His business began to take off after he made a killing from taking part in private placements of Chinese listed companies, according to a report by the Beijing News in January this year.

A former employee from Hengtian Fortune, a wealth management firm, said it was officially an independent entity selling various wealth management products but was actually controlled by Xie.

“Xie is not the chairman nor the biggest shareholder on paper, but everyone knows he is the boss,” said the former executive.

“At an executive meeting, the chairman once pulled out a piece of paper and started to read out as it was ‘a note of congratulation and encouragement sent to us by Mr Xie’.”

Hengtian Fortune was established in 2011 by the private banking unit of Zhongrong International Trust.

According to its website, the firm has sold 6,824 products so far, raising 751 billion yuan in total and generating 56.1 billion yuan returns for 77,833 clients.

Some of Xie’s subordinates or subsidiaries have been accused in corporate filings and regulatory briefings of being involved in inside trading.

For instance, Li Xuan, the chairman of ZEG Investment, a subsidiary, was fined 300,000 yuan by the China Securities Regulatory Commission in January for insider trading.

The authorities started investigating claims of insider trading following the Chinese stock market rout of 2015.

Xie was not charged with any wrongdoing.

Some of Xie Zhikun’s associates were accused of insider trading in the wake of the 2015 stock market crash. Photo: AFP

In 2016 Xie relocated to Hong Kong, from where he ran his businesses remotely, before returning to the mainland the following year. One source said that after his return he “immediately started to sell off assets to cut the debt”.

Xie could not be contacted for comment.

Last year, the Wall Street Journal reported that Xie had sued a company called XIO Group for allegedly cheating him out of US$1 billion in 2015, a charge that XIO has denied.

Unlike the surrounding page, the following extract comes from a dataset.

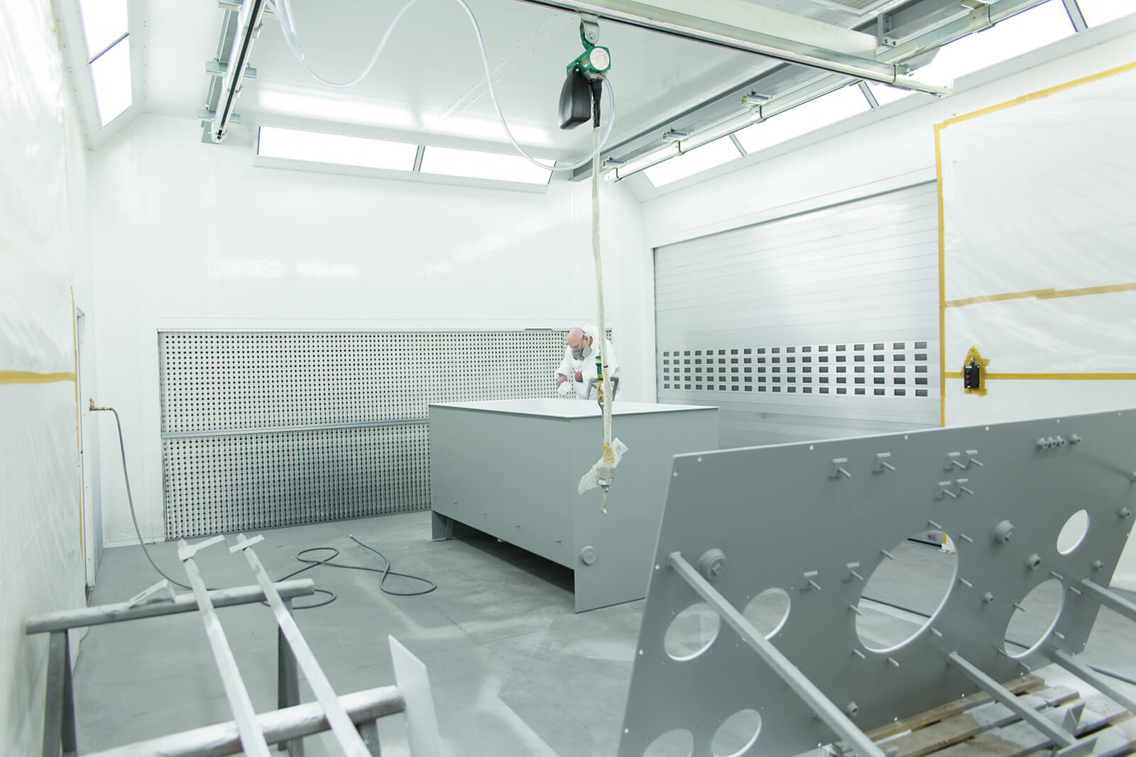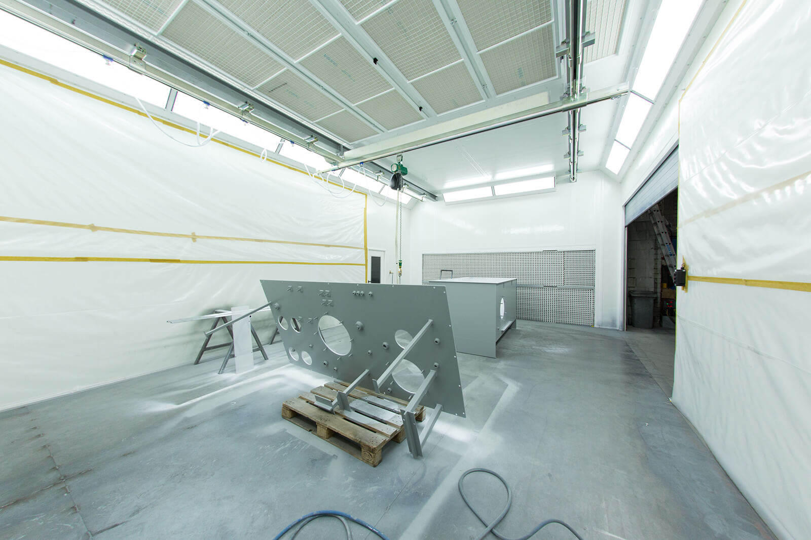 In addition and just in time for the start of 2019, HBE put a new coating and drying plant into operation. In the 9x6x4 meter large cabin, welding constructions like oil tanks, oil sumps or frames can be primed and painted according to customers’ requirements. All conventional and water-dilutable coatings may be used for processing. Thanks to the variable switching option from spraying to drying operation, HBE could significantly reduce lead times. A compressed air driven 1 ton crane supports the handling in the cabin on a distance of seven meters. At the same time, the paint stock was converted according to the latest environmental and safety regulations. Various safety cabinets with integrated ventilation system provide for a safe and correct storage of flammable hazardous materials in workplaces. These investments help to meet the steadily growing demands of finished painted components at the Neuenrade location.
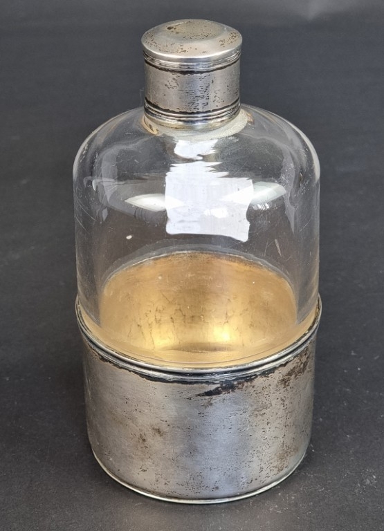 A George IV silver mounted glass bottle, by I R, London 1822, 14.5cm high, 106g.

Another source, who had business dealings with Xie and who is now living abroad, told the Post that the general feeling among China’s tycoons who had borrowed extensively to expand their business empires, has changed from “getting filthy rich” into a sense that “being safe is already a blessing”.

The source, who declined to be identified, said Chinese tycoons like Xie had to pay off their debts and surrender businesses to others in exchange for security and freedom.

The source added “it’s like the public-private cooperation in the 1950s” when capitalists who had remained in the mainland were persuaded or coerced to hand control of their businesses to the newly founded communist government.